Nel licenziarsi disse don Chisciotte a don Lorenzo:

— Non so se altra volta io abbia detto alla signoria vostra, e, se lo dissi, or lo ripeto, che quando vogliate risparmiare la fatica del cammino e dei travagli per giugnere alla inaccessibile vetta del tempio della Fama, altro non vi è mestieri se non se lasciar da parte il sentiere della poesia ch'è un po' stretto, per battere quello strettissimo della errante cavalleria, la quale può in tratto farvi diventare imperadore.»
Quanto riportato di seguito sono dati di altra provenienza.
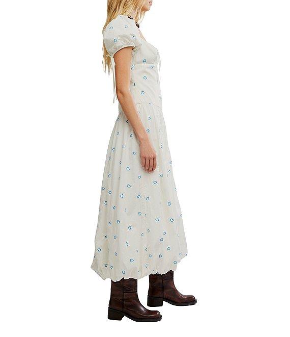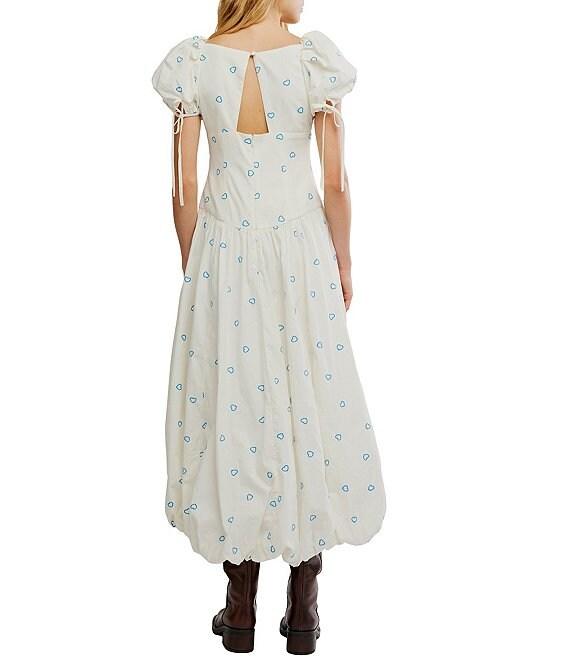 From Free People, this dress features: Allover embroidered hearts Scoop neckline Short puff sleeves Invisible back zipper closure Keyhole detail Bubble hemline Fitted drop-waist silhouette Lined Approx. 51.75" length Cotton Machine wash Imported.
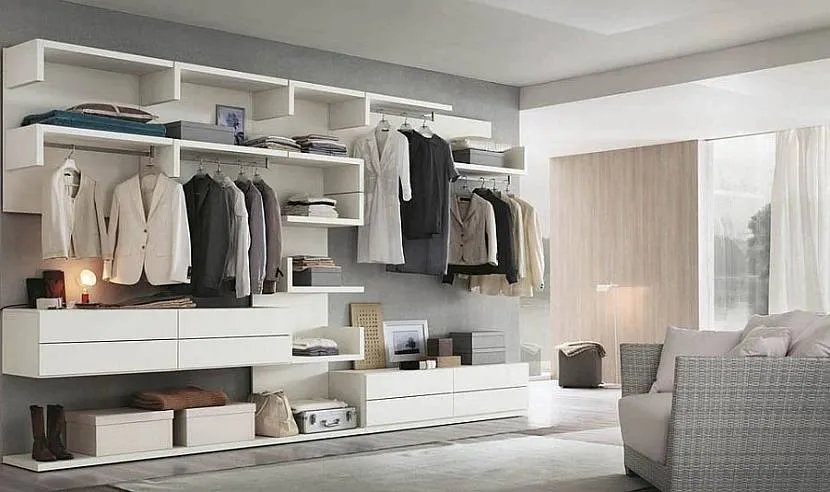 Открытый гардероб в спальне
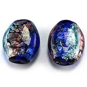 Bead, Lampwork Glass, 16x13x7mm Flat Oval with Silverfoil and multicolour – Amethyst/Blue/Cobalt (Hole Size 2.5mm)
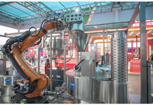 10月17日,在重庆国际博览中心火锅美食文化节现场,一台机器人炒料机在演示如何进行自主炒料。新华社图
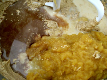 Ahora agregar la leche, puré de calabaza y vainilla y batir. Uy, la masa se corta, se corta terriblemente, pero no se preocupen, cuando le pongamos los secos se arreglará, así que no se desesperen y no piensen que su masa se arruinó.
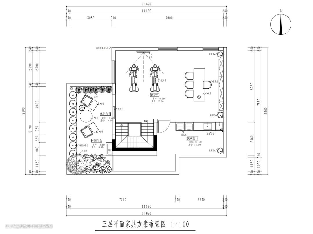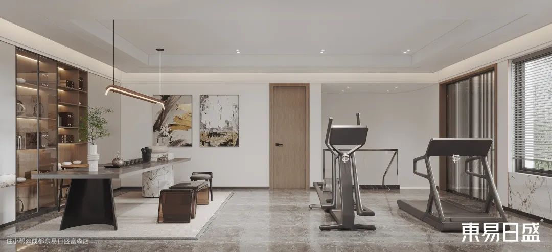 ③ 三层在设计师与业主的沟通后,对三层进行了搭建,为业主提供了一个健身房,以及花园,使业主在家也能够健康生活和感受自然。
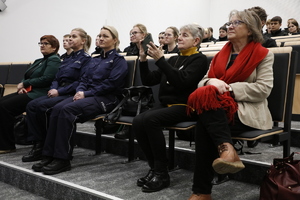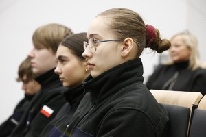W Sali im. Państwowego Korpusu Bezpieczeństwa gości powitał Naczelnik Wydziału Edukacji Historycznej Gabinetu Komendanta Głównego Policji podinsp. Marcin Lasota. Młodzież zapoznała się z działalnością Wydziału i obejrzała jeden z filmów, zrealizowanych w roku jubileuszu służby kobiet w Policji, które można zobaczyć na naszym kanale w serwisie YouTube (https://www.youtube.com/@muzeumpolicji/videos).
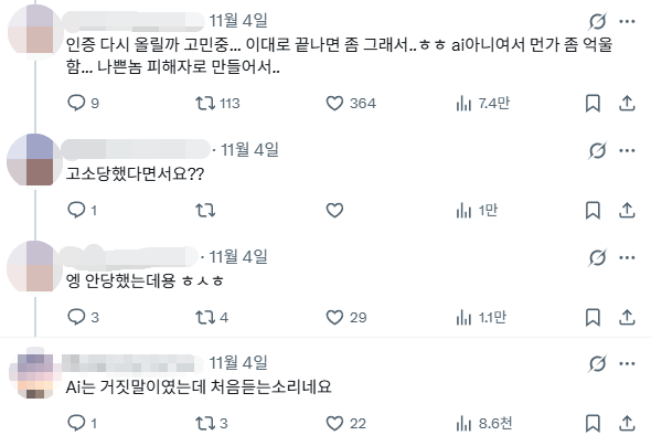 하지만 소속사 측의 고소 공지에도 A씨는 입장 번복을 계속하며 추가폭로를 예고했다. 이에 한 누리꾼은 "고소당했다면서요?"라고 의문을 제기했고, A씨는 "엥 안당했는데용"이라고 반박했다. 이후 소속사 측의 고소 공지를 담은 보도를 본 A씨는 "Ai는 거짓말이였는데 처음 듣는 소리"라고 주장, 차후 그가 보일 행보에 이목이 쏠리고 있다.
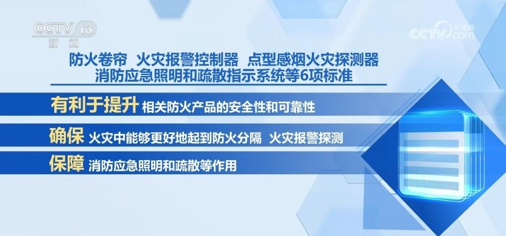 防火卷簾、火災(zāi)報警控制器、點型感煙火災(zāi)探測器、消防應(yīng)急照明和疏散指示系統(tǒng)等6項標(biāo)準(zhǔn)有利于提升相關(guān)防火產(chǎn)品的安全性和可靠性,確保其在火災(zāi)中能夠更好地起到防火分隔、火災(zāi)報警探測,保障消防應(yīng)急照明和疏散等作用。應(yīng)急避難場所、救災(zāi)帳篷等4項標(biāo)準(zhǔn)可確保受災(zāi)人員得到更安全、更舒適的臨時安置。
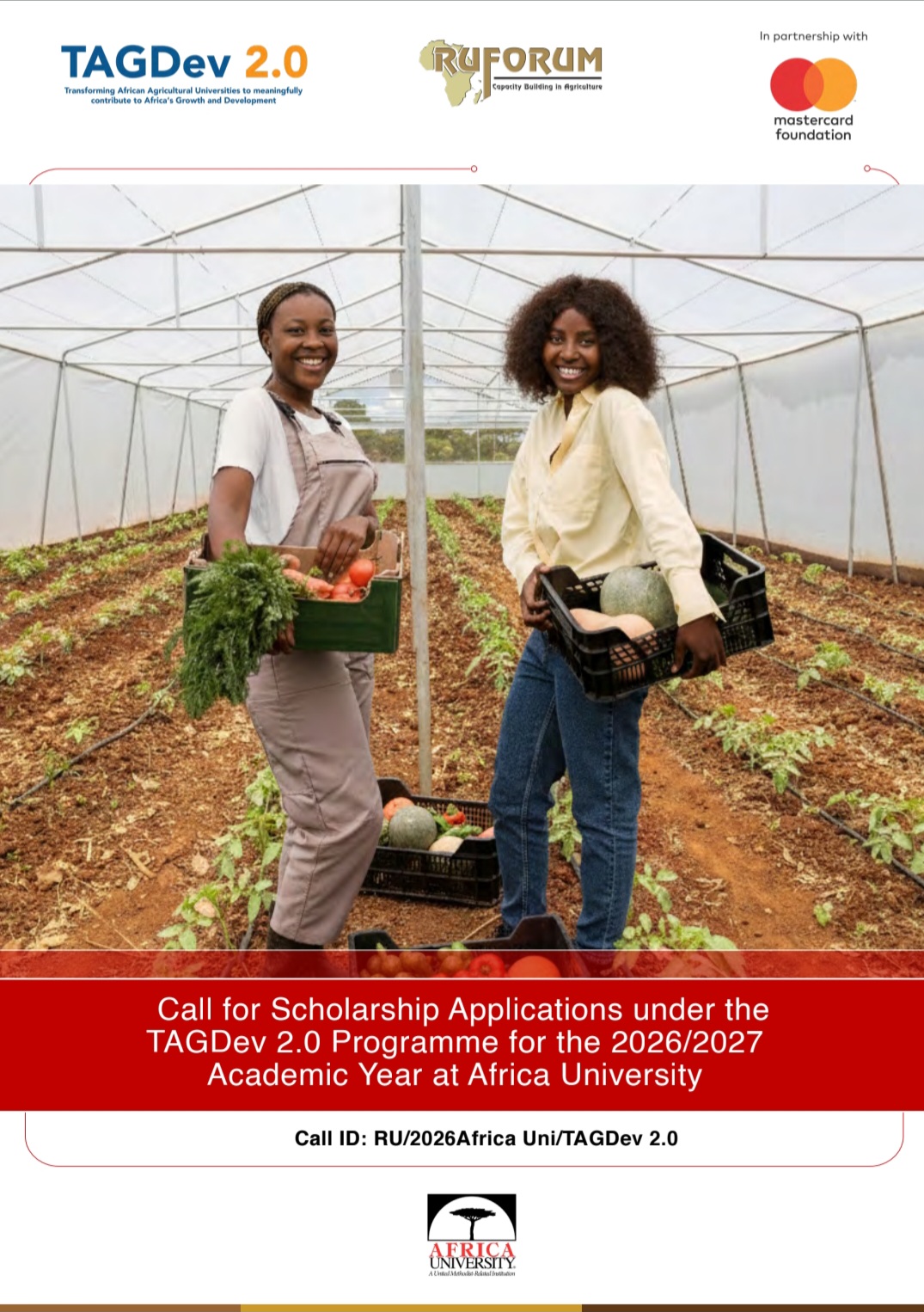 Thursday, April 2, 2026Background The Regional Universities Forum for Capacity Building in Agriculture (RUFORUM) in partnership with Mastercard Foundation, Gulu University (Uganda), Egerton University (Kenya), Africa University (Zimbabwe), University of Free State (South Africa), Malawi University of Science and Technology (Malawi), University of Eldoret (Kenya), Uganda Martyrs University (Uganda), University of Port Harcourt (Nigeria), University of Cape Coast (Ghana), University of Bamenda (Cameroon), National University of Agriculture (Benin), and Université Mohammed VI Polytechnique (Morocco) are implementing a 10 year programme (2023-2033) called Transforming African Agricultural Universities to Meaningfully Contribute to Africa’s Growth and Development (TAGDev 2.0). The programme seeks to strengthen universities and TVET institutions to better serve communities by skilling and empowering Africa’s young people and their institutions to drive inclusive, equitable and climate resilient transformation of agriculture and agrifood systems. The TAGDev 2.0 programme will support young African students that are economically disadvantaged but academically competent to access university education. The scholarship is open to both female and male applicants. However, females, refugees, internally displaced persons, and persons with disabilities are highly encouraged to apply.

Con questo avvertimento terminò don Chisciotte di chiudere il processo della sua pazzia ed ancora più col seguente:

Fecero nuove maraviglie padre e figliuolo della ineguaglianza dei ragionamenti...— Dio sa quanto vivo sia in me il desiderio di volere a compagno mio don Lorenzo per insegnargli la gran dottrina di perdonare ai suggetti e calpestare i superbi, virtù innate nella mia professione; ma non permettendolo questa sua verde età, né gli altri suoi lodevoli esercizi, mi limiterò ad avvertirlo, ch'essendo poeta e volendo pervenire a celebrità, dee valutare più l'altrui che il proprio parere: non vi ha padre, non vi ha madre cui paiano brutti i propri figliuoli, e tanto più si trova il poeta in quest'inganno quanto più l'ingegno è mediocre.»

Fecero nuove maraviglie padre e figliuolo della ineguaglianza dei ragionamenti di don Chisciotte, ora saggi ora spropositati; e della pertinace sua risoluzione di andare in cerca di sventurate venture, che formavano l'unico fine e la sola mira dei suoi pensamenti. Si reiterarono le offerte reciproche, e con buona licenza della padrona del castello, don Chisciotte sopra Ronzinante e Sancio sopra il leardo se ne partirono.